Die Liedermacherei hat in unserer Gegend zwischen Meißen und der Sächsischen Schweiz eine lange Tradition.

Walter von der Vogelweide weilte im Herbst 1212 im Dienste des Markgrafen Dietrich von Meißen, bekannt als „Dietrich der Bedrängte” auf der Meißner Burg. Der Sohn von Dietrich war Markgraf Heinrich von Meißen (1218-1288), bekannt auch als Minnesänger und Dichter „Heinrich Frauenlob”. Seine Lieder sind wie die von Walter von der Vogelweide in der Manessischen  Liederhandschrift verewigt. Auch der Minnesänger Heinrich von Mogelin aus Pirna-Mügeln um 1340, setzte diese Minnesängertraditionen fort. Der Sängerkrieg 1206 auf der Wartburg war so etwas wie unsere Loschwitzer Elbhangfestliederbude im Albertpark, nur früher und ohne E-Gitarre und Verstärker.

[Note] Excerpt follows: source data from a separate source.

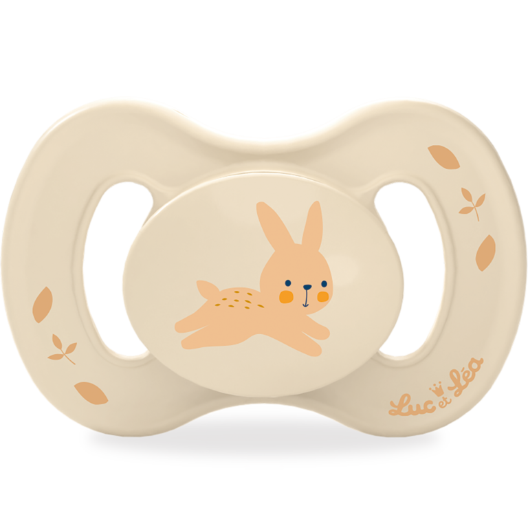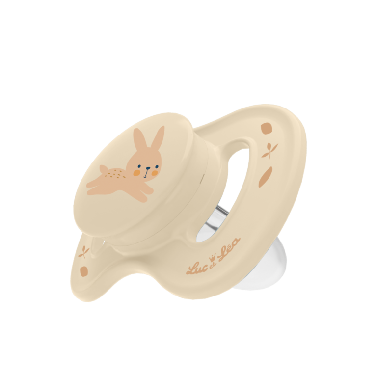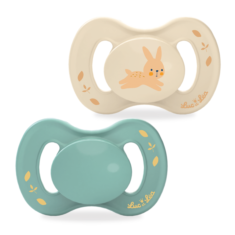 Luc et Léa a fait le choix de proposer des sucettes sans anneaux pour qu’elles soient plus légères dans la bouche de bébé.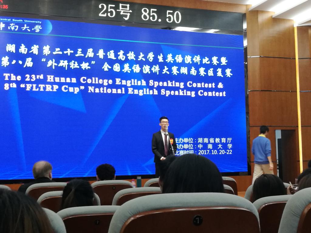 2017年10月21-22日,湖南省第二十三届大学生英语演讲比赛暨第八届“外研社杯”全国英语演讲大赛湖南赛区复赛在中南大学隆重举行。0638太阳集团官网派出以杨永和、王家义为领队,陈锋、刘青为指导教师的竞赛一组和竞赛二组两支代表队参加了此次比赛。 在高手如云的赛场上,管理学院选手顶住压力,稳定发挥。人力资源管理1501班的文博涵(非英语专业)赢得个人三等奖(刘青老师指导)。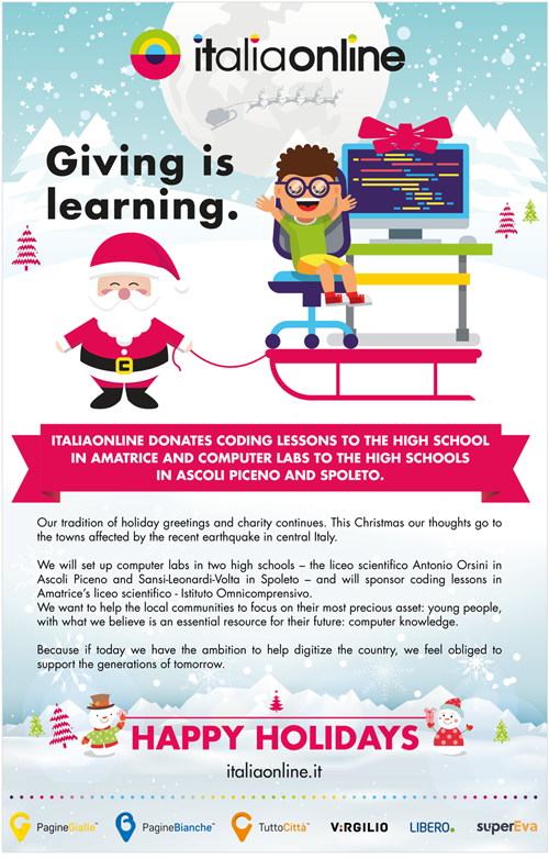 Nel solco di una tradizione ormai pluriennale di vicinanza e sostegno ai giovani e nativi digitali, anche per le feste di fine 2016 Italiaonline ha deciso di donare alle scuole la cifra destinata ai regali natalizi, sostenendo tre licei delle zone del Centro Italia maggiormente colpite dal terremoto dello scorso agosto e da quello di ottobre, con particolare attenzione alle zone dell’epicentro.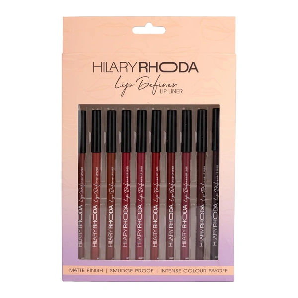 Define your lips perfectly with Hilary Rhoda Lip Definer Lip Liner Set. This set of 10 vibrant shades delivers smooth, precise application in just one swipe. The long-lasting, smudge-proof formula keeps your lip look intact for hours. With a soft matte finish, these pencils enhance lipstick wear and prevent feathering. Lightweight and easy to use, this multicolor set is ideal for daily makeup, professional use, and all occasions.

1. Deutsches Sängerbund-Fest Sammlung M. Griebel

1. Deutsches Sängerbund-Fest
Sammlung M. Griebel

Das Mittelalter, aber auch die Renaissance  war in Mitteldeutschland eine harte Zeit für die einfachen Leute. Regelmäßige Kriege (Kreuzzüge 1096-1270, Hussitenkrieg 1424-26, Sächsischer Bruderkrieg 1446-51 und der Große Deutsche Bauernkrieg 1524-26 u.a.), aber vor allem die Schwarze Pest um 1350, viele Stadtbrände und Mißernten quälten die Menschen.   Trotz der Not entstanden wunderbare Lieder, die auf den Märkten, auf dem Felde oder bei Ritterspielen gesungen wurden, begleitet von Flöten, Leier und Brummtopf. Zu den alten Liedern gehören „ Es waren 2 Königskinder”, „Nun will der Lenz uns grüßen”, „Die Gedanken sind frei”, „Wollt ein Bauer früh aufsteh`n”, „Kein schöner Land” und „Lustig, lustig ihr lieben Brüder”. Noch viele andere haben sich bis in unsere Zeit erhalten und werden auch die Periode der MP3-Player überstehen. Mit dem Buchdruck wurde nicht nur die Gedanken der Reformation durchs Land verbreitet, auch die Lieder gingen besser von Hand zu Hand und Mund zu Mund. So auch die von Hans Leo Haßler (1564-1612), dem Schöpfer des „Lustgarten der teutschen Gesänge”, dessen bekanntestes Stück Paul Gerhardt als Kirchenlied umarbeitete – „Oh Haupt voll Blut und Wunden” und dessen Melodie Paul Simon vor ein paar Jahren für sein Lied „American tune” klaute.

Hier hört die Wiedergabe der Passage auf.